● SUPPLIED MATERIAL
----

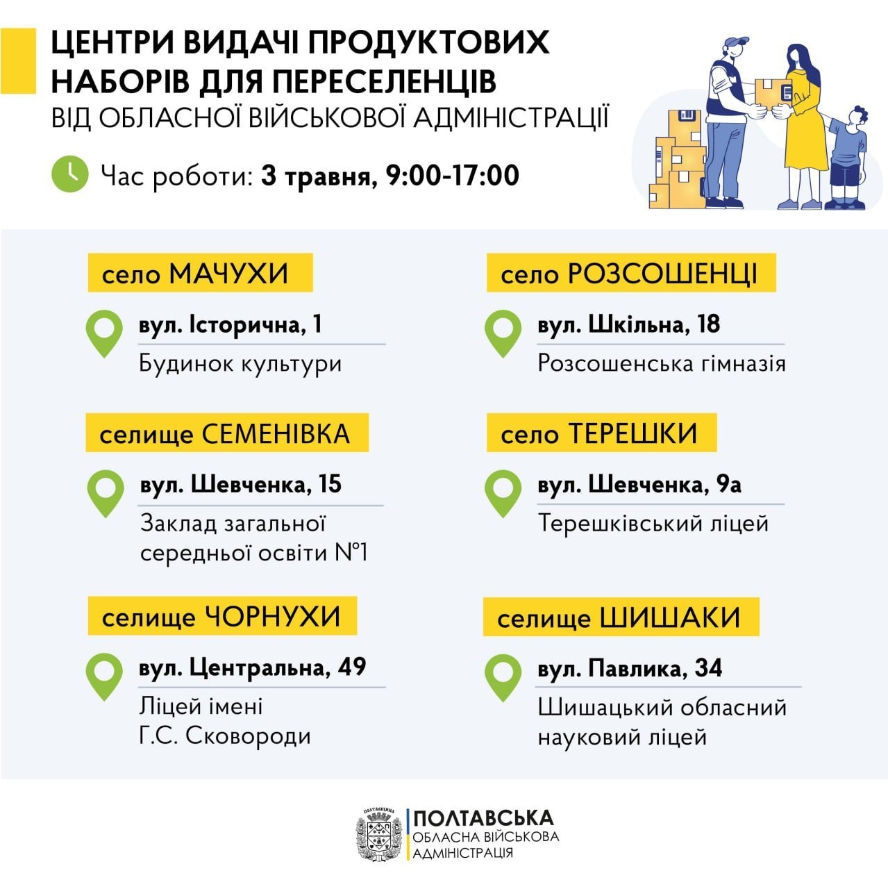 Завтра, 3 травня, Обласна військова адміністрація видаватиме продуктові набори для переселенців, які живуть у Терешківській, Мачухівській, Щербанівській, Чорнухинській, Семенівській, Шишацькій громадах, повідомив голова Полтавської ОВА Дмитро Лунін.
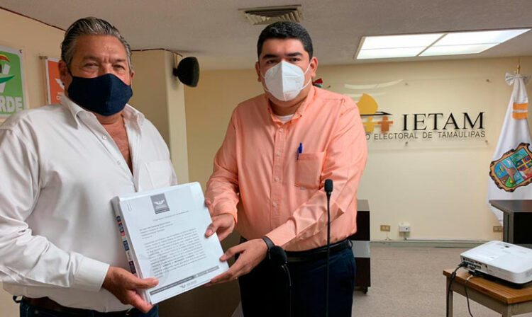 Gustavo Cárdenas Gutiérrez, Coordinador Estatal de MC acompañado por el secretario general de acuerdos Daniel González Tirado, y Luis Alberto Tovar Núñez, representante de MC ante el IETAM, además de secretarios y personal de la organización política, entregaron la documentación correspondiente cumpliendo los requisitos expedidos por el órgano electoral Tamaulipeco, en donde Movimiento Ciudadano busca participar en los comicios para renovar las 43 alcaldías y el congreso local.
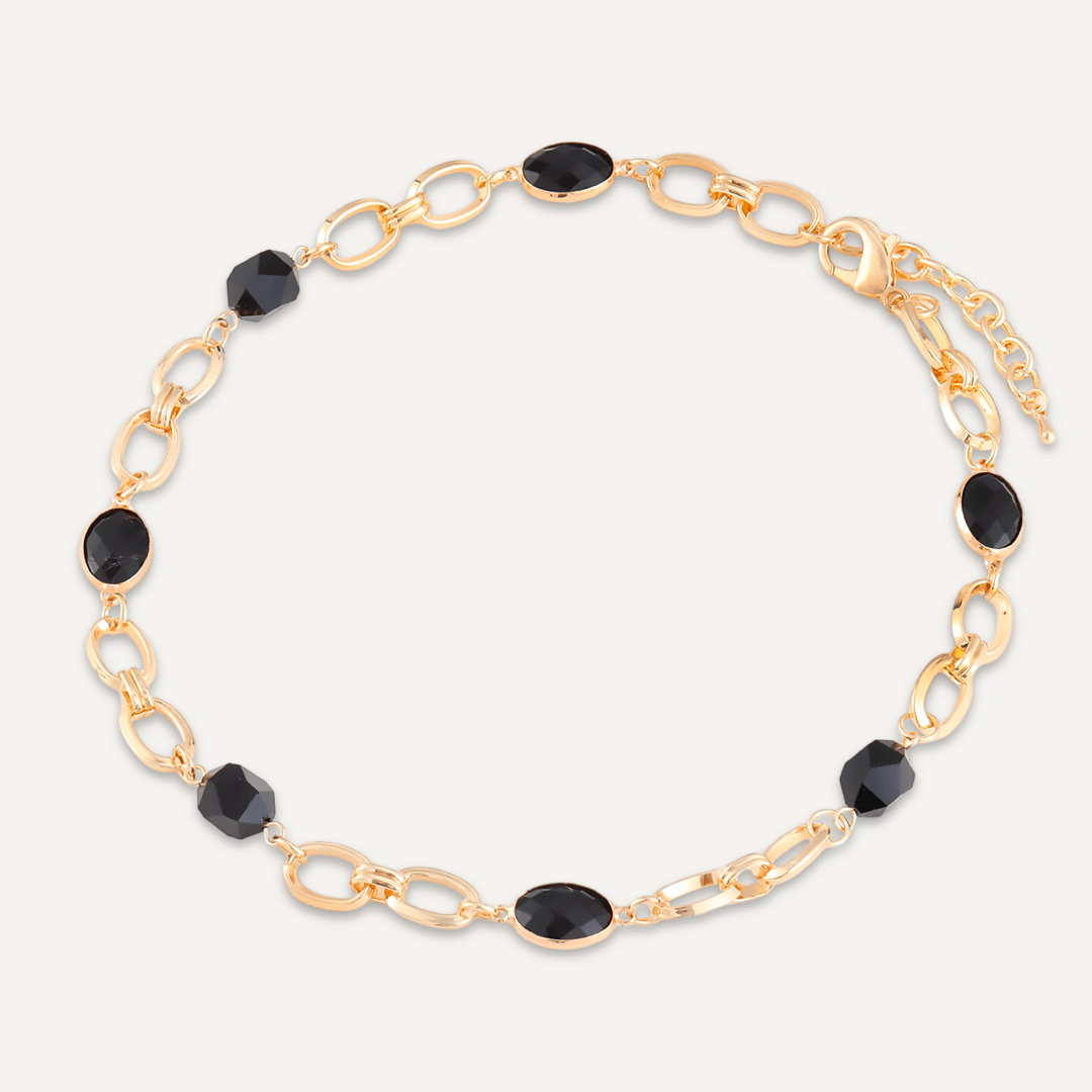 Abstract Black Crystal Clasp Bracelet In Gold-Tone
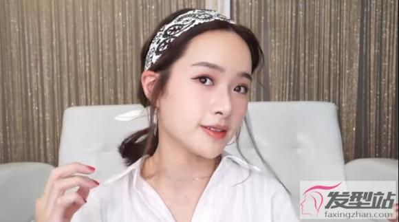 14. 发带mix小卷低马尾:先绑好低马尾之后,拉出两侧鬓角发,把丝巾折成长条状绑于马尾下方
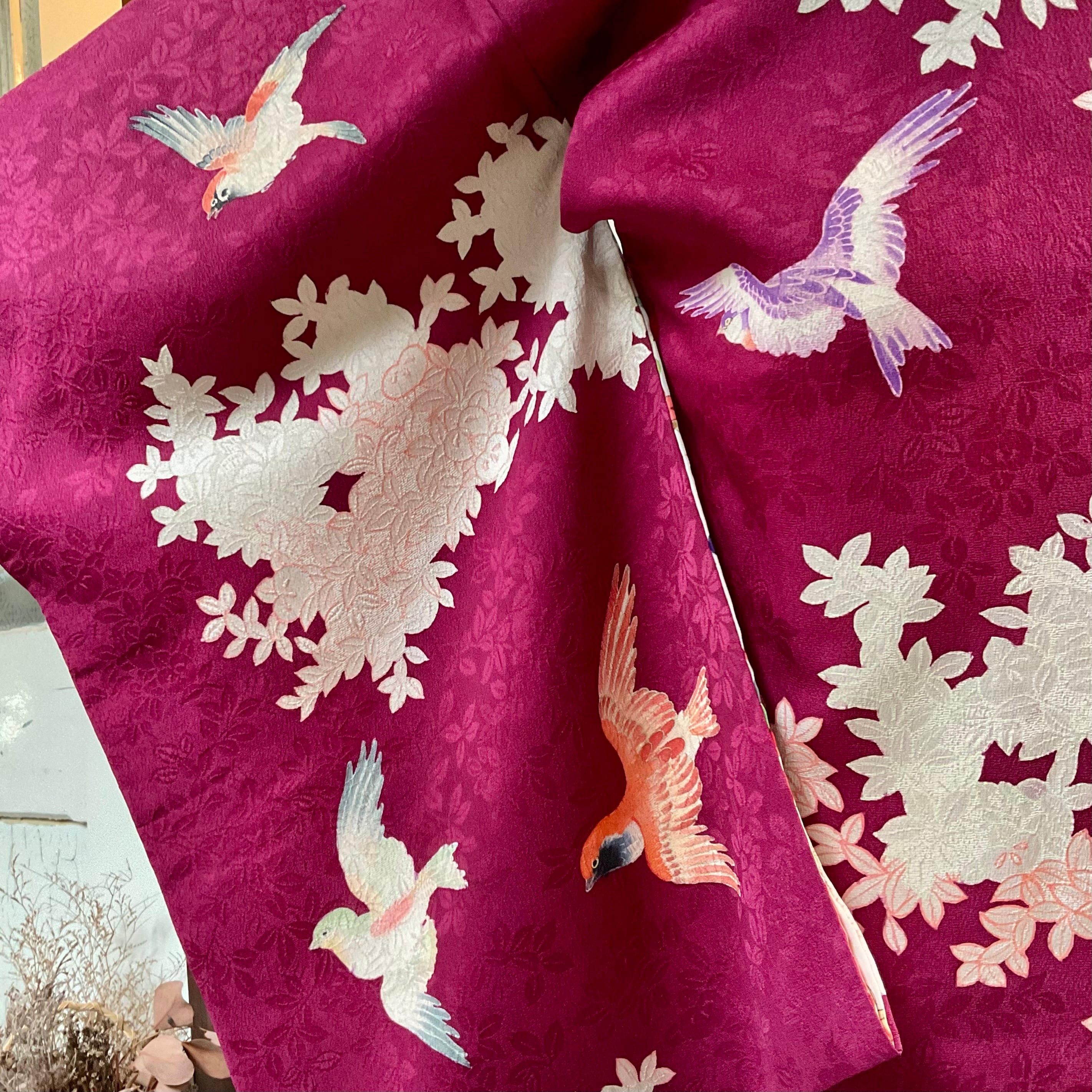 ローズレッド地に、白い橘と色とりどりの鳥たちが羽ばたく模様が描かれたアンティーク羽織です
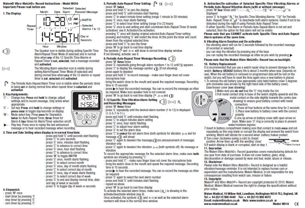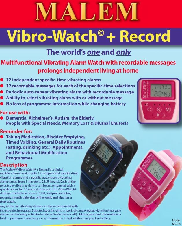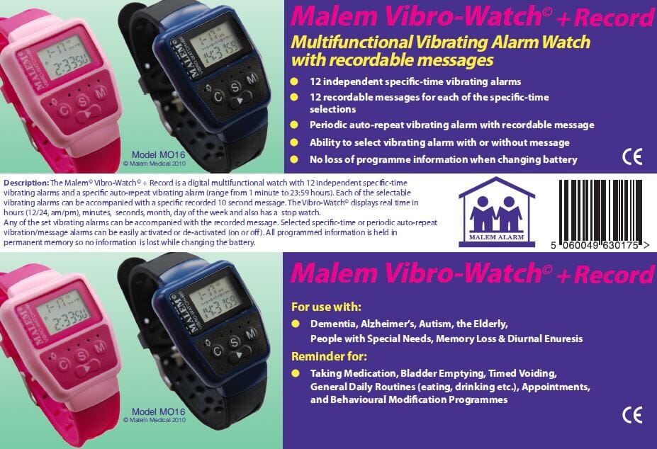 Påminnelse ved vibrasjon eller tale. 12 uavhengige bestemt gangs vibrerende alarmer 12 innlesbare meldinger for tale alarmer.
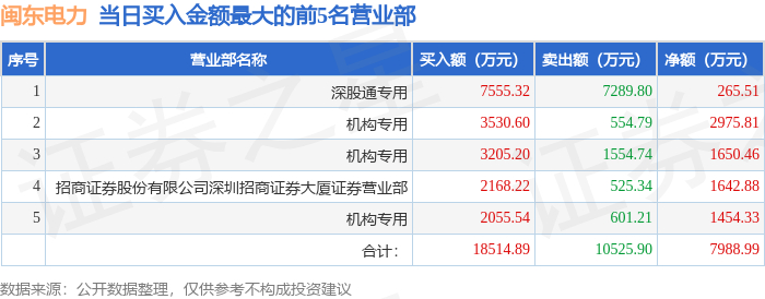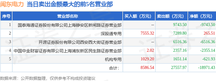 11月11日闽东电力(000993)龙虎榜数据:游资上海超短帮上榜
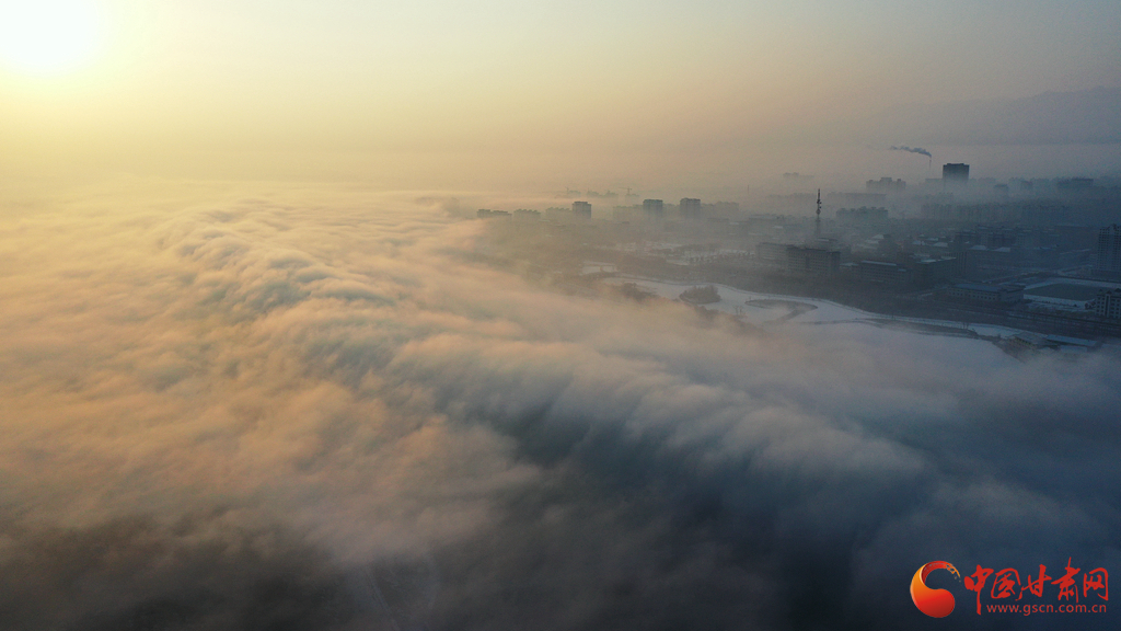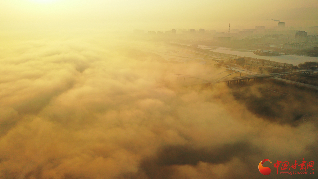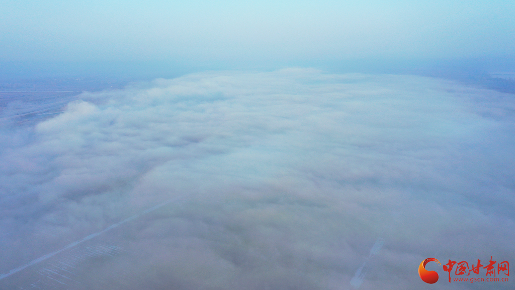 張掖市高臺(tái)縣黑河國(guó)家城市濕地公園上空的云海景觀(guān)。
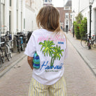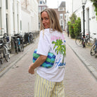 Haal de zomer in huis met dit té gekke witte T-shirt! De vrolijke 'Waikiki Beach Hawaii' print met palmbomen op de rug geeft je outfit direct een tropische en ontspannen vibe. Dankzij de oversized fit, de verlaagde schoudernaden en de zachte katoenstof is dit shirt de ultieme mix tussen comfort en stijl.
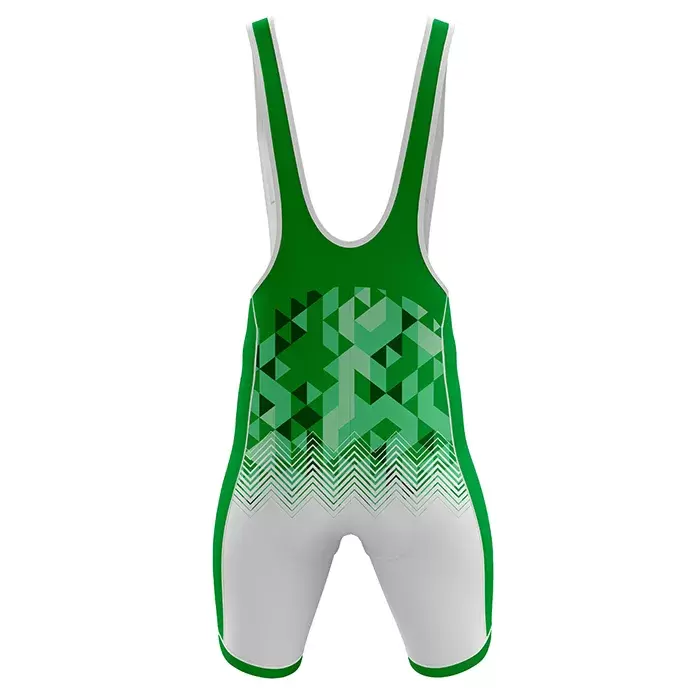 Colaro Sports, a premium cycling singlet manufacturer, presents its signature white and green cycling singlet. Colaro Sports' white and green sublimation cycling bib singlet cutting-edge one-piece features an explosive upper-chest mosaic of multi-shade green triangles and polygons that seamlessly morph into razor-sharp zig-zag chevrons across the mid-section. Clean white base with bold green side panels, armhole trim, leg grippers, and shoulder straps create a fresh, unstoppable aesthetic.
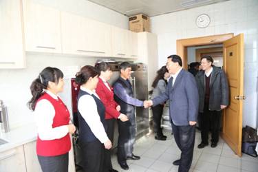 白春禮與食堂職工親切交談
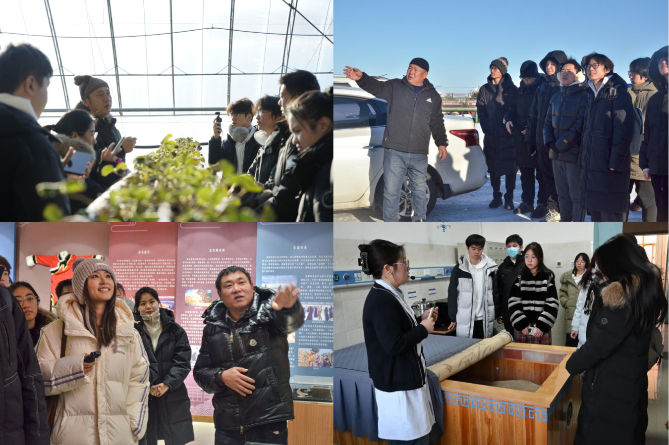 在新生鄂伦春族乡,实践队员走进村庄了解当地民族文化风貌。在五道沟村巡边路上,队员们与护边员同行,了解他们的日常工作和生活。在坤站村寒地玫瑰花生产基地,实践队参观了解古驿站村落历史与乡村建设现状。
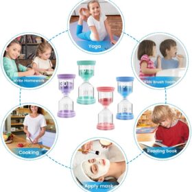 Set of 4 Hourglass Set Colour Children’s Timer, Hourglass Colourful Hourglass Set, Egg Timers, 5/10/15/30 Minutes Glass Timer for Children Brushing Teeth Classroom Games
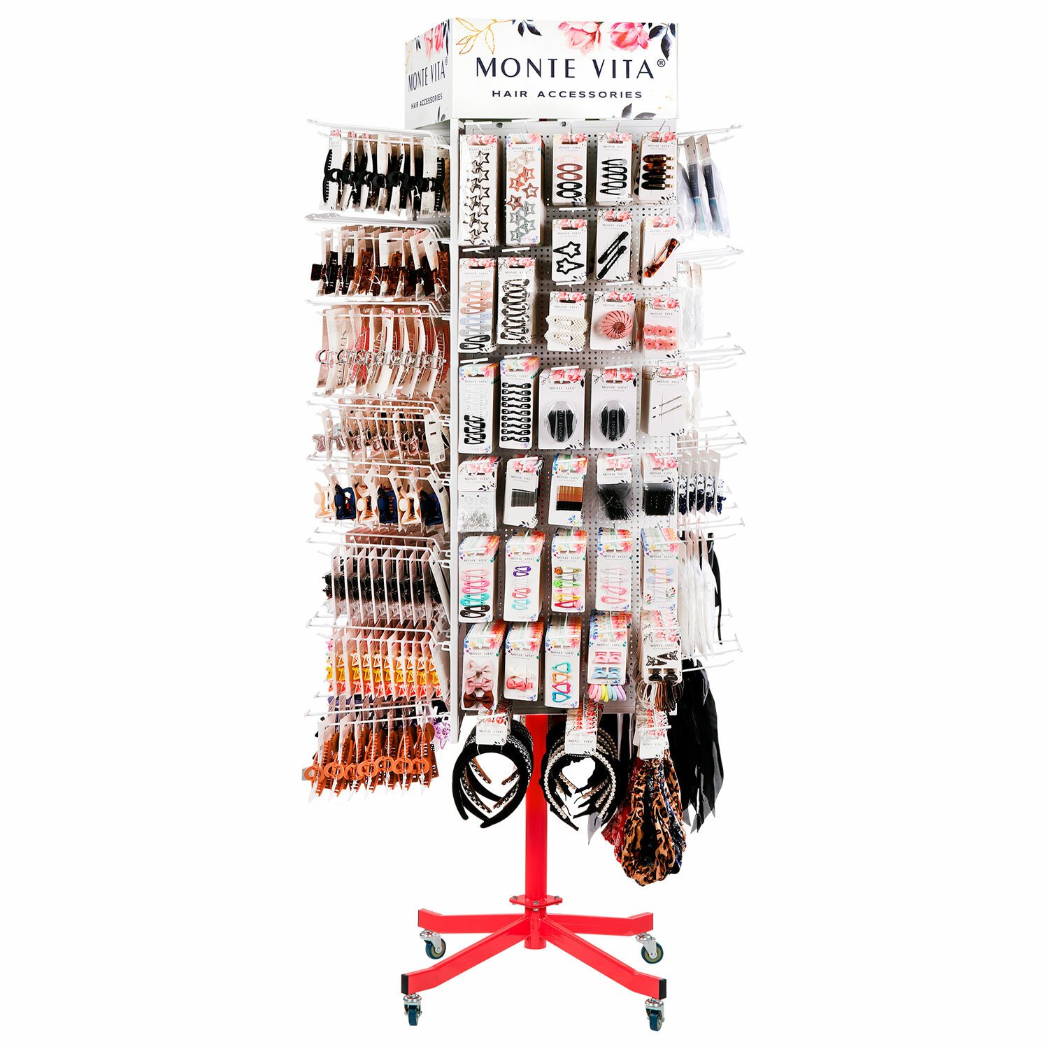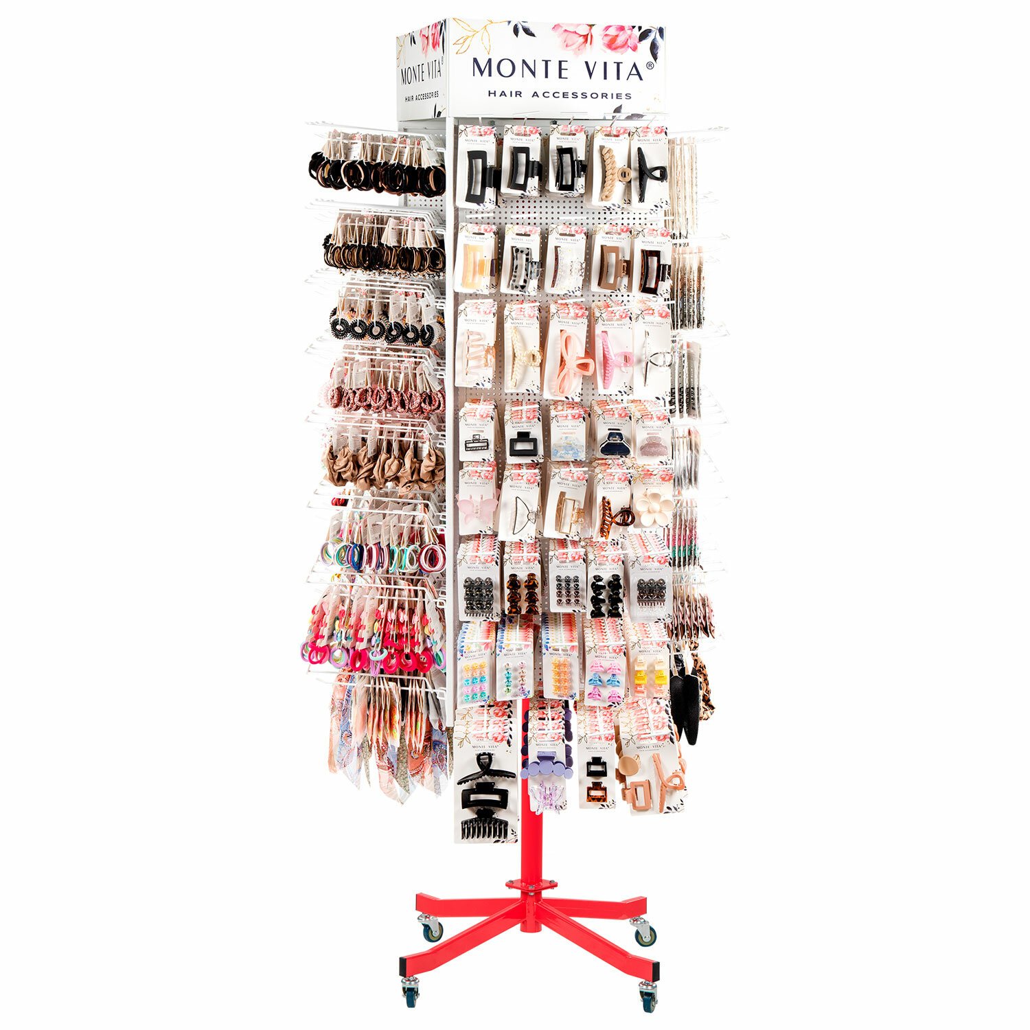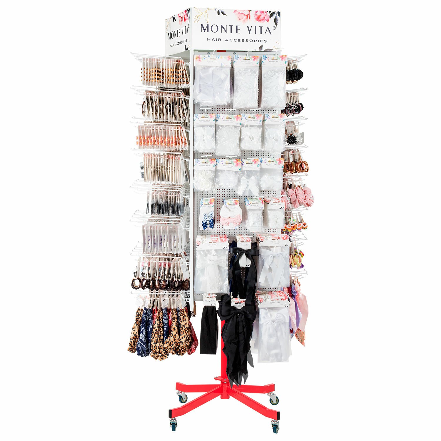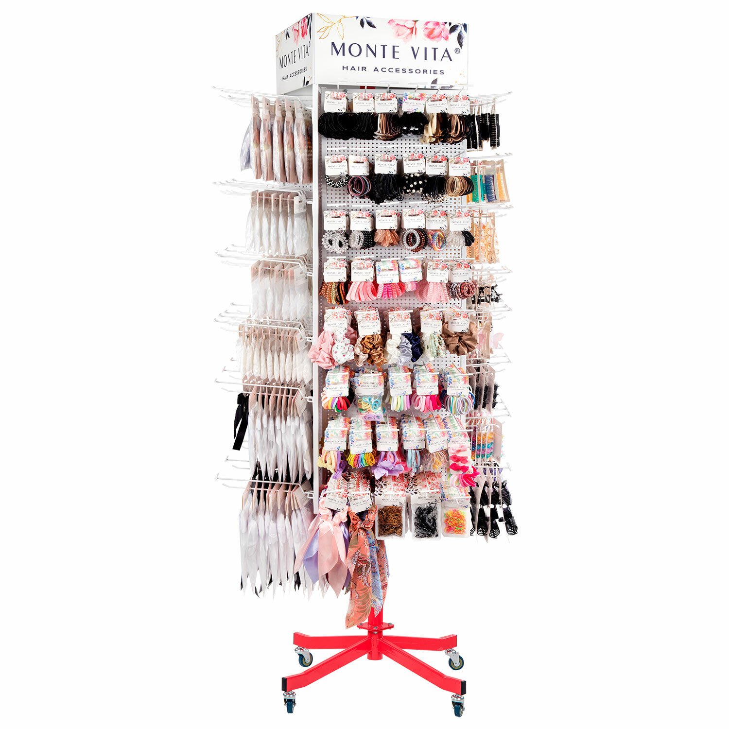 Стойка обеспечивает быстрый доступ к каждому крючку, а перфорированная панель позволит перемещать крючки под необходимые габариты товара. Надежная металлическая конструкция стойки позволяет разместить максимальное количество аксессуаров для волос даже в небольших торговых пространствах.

----

● TASK DETAILS
Using the records above, return word for word the lines that begin at the one containing "Gustavo Cárdenas Gutiérrez, Coordinador" and end at the one containing "Abstract Black Crystal", both of them included and no pictures.

● OUTPUT BELOW
 Gustavo Cárdenas Gutiérrez, Coordinador Estatal de MC acompañado por el secretario general de acuerdos Daniel González Tirado, y Luis Alberto Tovar Núñez, representante de MC ante el IETAM, además de secretarios y personal de la organización política, entregaron la documentación correspondiente cumpliendo los requisitos expedidos por el órgano electoral Tamaulipeco, en donde Movimiento Ciudadano busca participar en los comicios para renovar las 43 alcaldías y el congreso local.
 Abstract Black Crystal Clasp Bracelet In Gold-Tone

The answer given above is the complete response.